5 min readEn Haïti, le mot « peuple » est devenu un mot très à la mode depuis plusieurs décennies. Ce mot là constitue désormais le cheval de bataille de nombreux acteurs politiques. Jacques Attali, dans son article intitulé : « qu’est-ce que le peuple ? » opte pour une utilisation prudentielle de ce mot, car en fonction du sens qu’on lui donne, on peut orienter l’histoire dans deux directions radicalement contraires. Mais, au fond c’est quoi le peuple? A quelle intention utilise-t-on ce mot? Quand peut-on dire que quelqu’un fait partie du peuple ? Existe-il une dichotomie, c’est à dire d’un côté on a les gens qui font partie du peuple et de l’autre ceux qui n’en font pas partie tout en étant sur un même territoire? Ce travail est une invitation à certains de nos acteurs politiques à faire un usage beaucoup plus prudent et éclairé de ce mot en raison de sa charge sémantique.
Selon le dictionnaire Larousse, le peuple est « une multitude d’hommes qui, vivant habituellement ensemble, partagent les mêmes coutumes ». En politique, « c’est la partie de la nation, considérée au point de vue social et politique ». Pour Michel Onfray, « le peuple c’est ce sur quoi s’exerce le pouvoir, donc le peuple c’est celui qui s’en prend la figure tous les jours, c’est celui qui va au boulot le matin». Pour d’autres, le peuple « c’est la partie la moins notable, la m+oins cultivée ou la moins riche des habitants d’une même ville, d’un même pays ».

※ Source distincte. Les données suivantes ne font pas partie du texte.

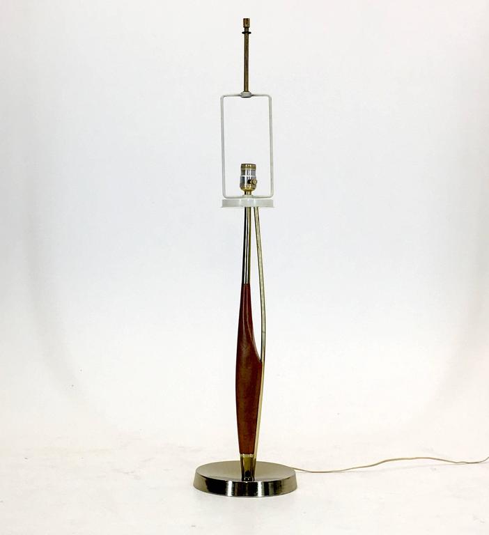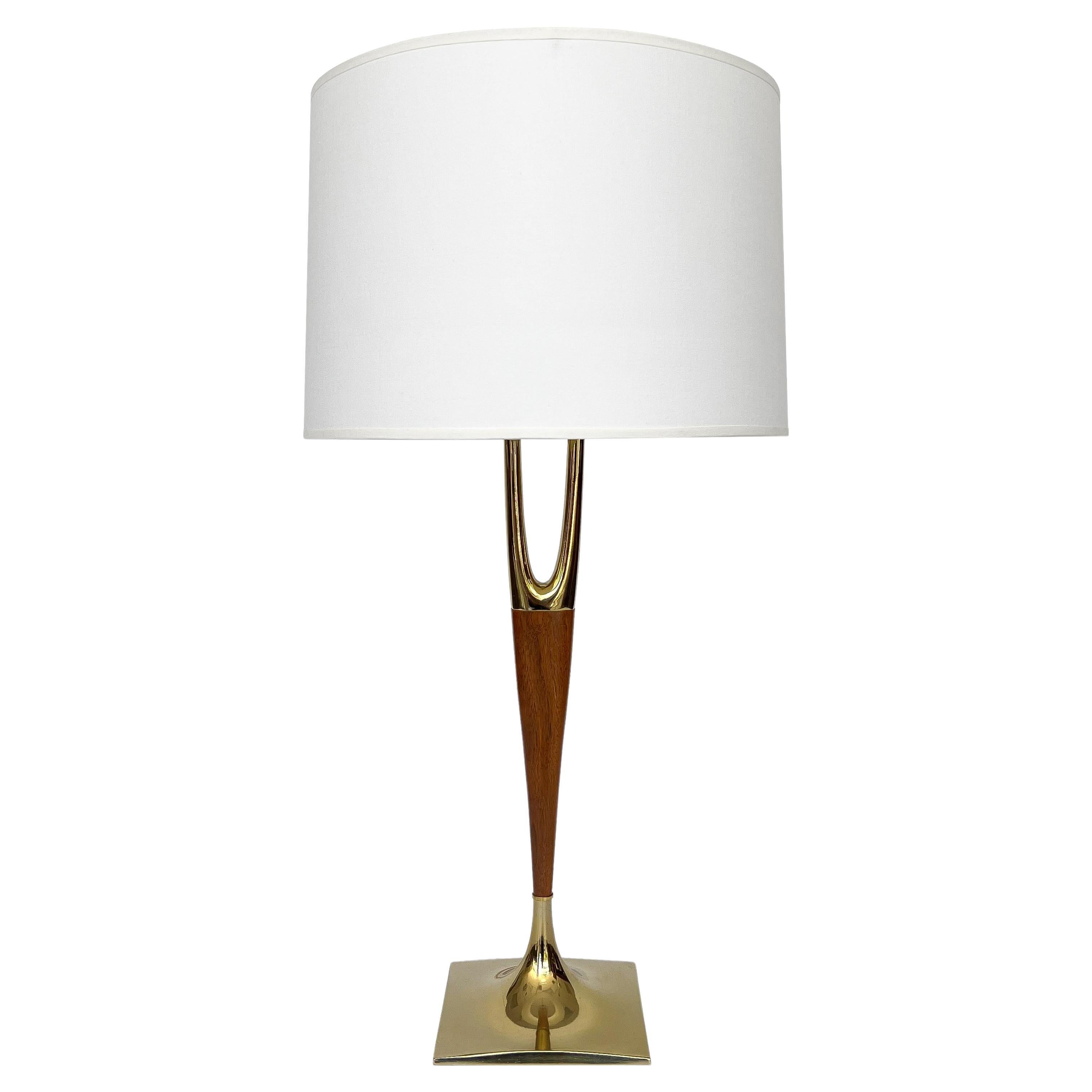 Laurel Lamp Company Wishbone Brass and Walnut Table Lamp at 1stDibs
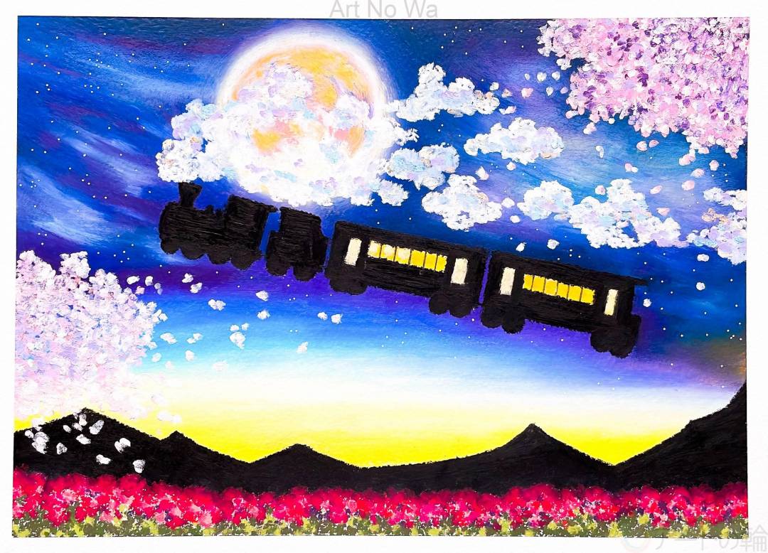 非現実,屋外,自然,空,のりもの,未来,春,赤,黄色,青,白,黒,風景,明るい,たのしい,わくわく,どきどき
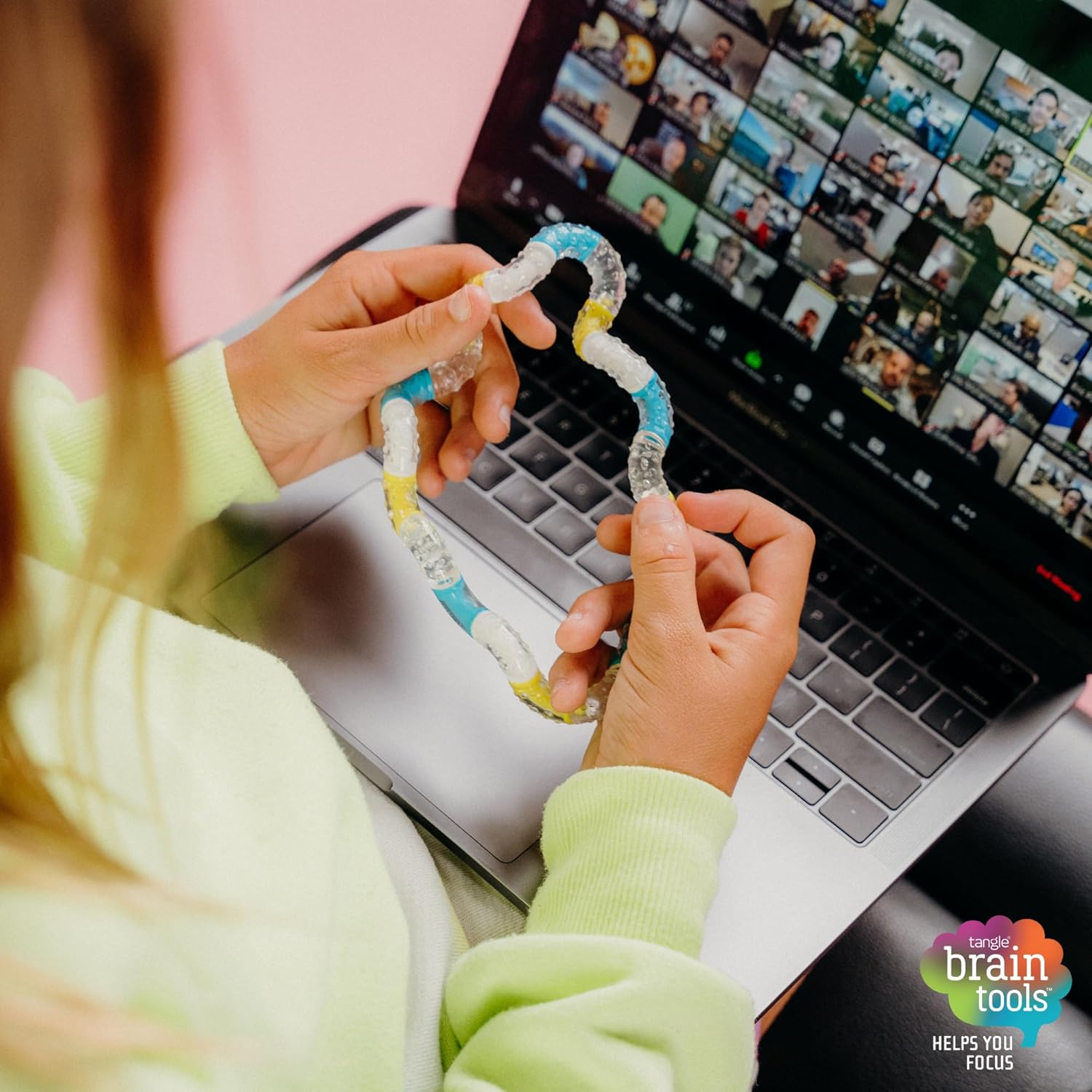 - Fidget to Focus: Use the Tangle Toy when you are in a zoom meeting, classroom, or anywhere you would need to focus. Playing with the Tangle will improve your focus and activate both sides of the brain while you are learning.

Claudia de Oliveira Gomes, cité par Gérard Bras lors d’une interview accordée à la Grande H., l’émission d’histoire de media, soutient l’idée que l’histoire de peuple ne commence pas par la démocratie (notamment dans la Grèce antique où le peuple représentait les citoyens qui pouvait délibérer dans l’Agora), mais ça avait déjà un sens chez Homère. Peuple, c’est très variable et c’est large, et ça n’arrête pas de changer et ça change en fonction des conflits politiques. En France, en mi-mai 1789, soutient encore Gérard bras, peuple était le nom encore d’un ordre, ce n’était pas même le tiers état mais le sous tiers état. Il était un objet de la politique. Cependant, avec la révolution Française, le peuple (foule qui réclamait la suppression des ordres) se substitue au Roi. Il est devenu un acteur politique, c’était la démocratie représentative où c’est lui qui devait choisir ses représentants. De façon générale, le vocable « peuple » renvoie soit à une totalité, soit à une partie d’un tout selon le sens qu’on lui accorde. Ce qui revient à dire que ce mot est polysémique.
Cependant les politiciens Haïtiens ne cessent d’utiliser ce mot sans tenir compte de ce trait de caractère. Ils l’utilisent souvent des fois dans des situations qui prêtent à l’équivoque. Quand le Président de la république d’Haïti, en l’occurrence Monsieur Jovenel Moïse parle et dit « Peuple Haïtien », a qui s’adresse-t-il exactement? Exclut-il une catégorie de la population Haïtienne? Dans une conférence de presse de l’opposition en date du 29 septembre 2019 à l’hôtel Oloffson, André Michel demande aux gens de rester chez eux et invite le peuple à prendre la rue, à qui est faite cette invitation? Les gens qu’ils invitent à rester chez eux, ne font-ils pas partie du peuple? Sur quelle base? Lors des mouvements de protestations qui ont eu lieu récemment aux Gonaïves, on avait vu le Sénateur Youry Latortue dans les rues, fait-il partie du peuple ou était-il tout simplement à côté du peuple? Quand Moïse Jean Charles dit : le peuple a parlé, de qui veut-il parler? Le Sénateur Anthonio Cheramy, assez souvent dans ses prises de parole, dit qu’il défend les causes du peuple, j’en fais partie? Quand Rosemond Jean, Evans Paul et tant d’autres acteurs parlent de « peuple Haïtien », à qui font-ils référence? Réginald Boulos, fait-il partie du peuple auquel Jovenel Moise s’adressait dans sa dernière adresse à la nation? On peut aisément constater que ce mot est utilisé dans le but de tromper et de manipuler l’opinion publique ou des adversaires politiques, de séduire et de mobiliser les forces alliées ; bref pour créer de la confusion.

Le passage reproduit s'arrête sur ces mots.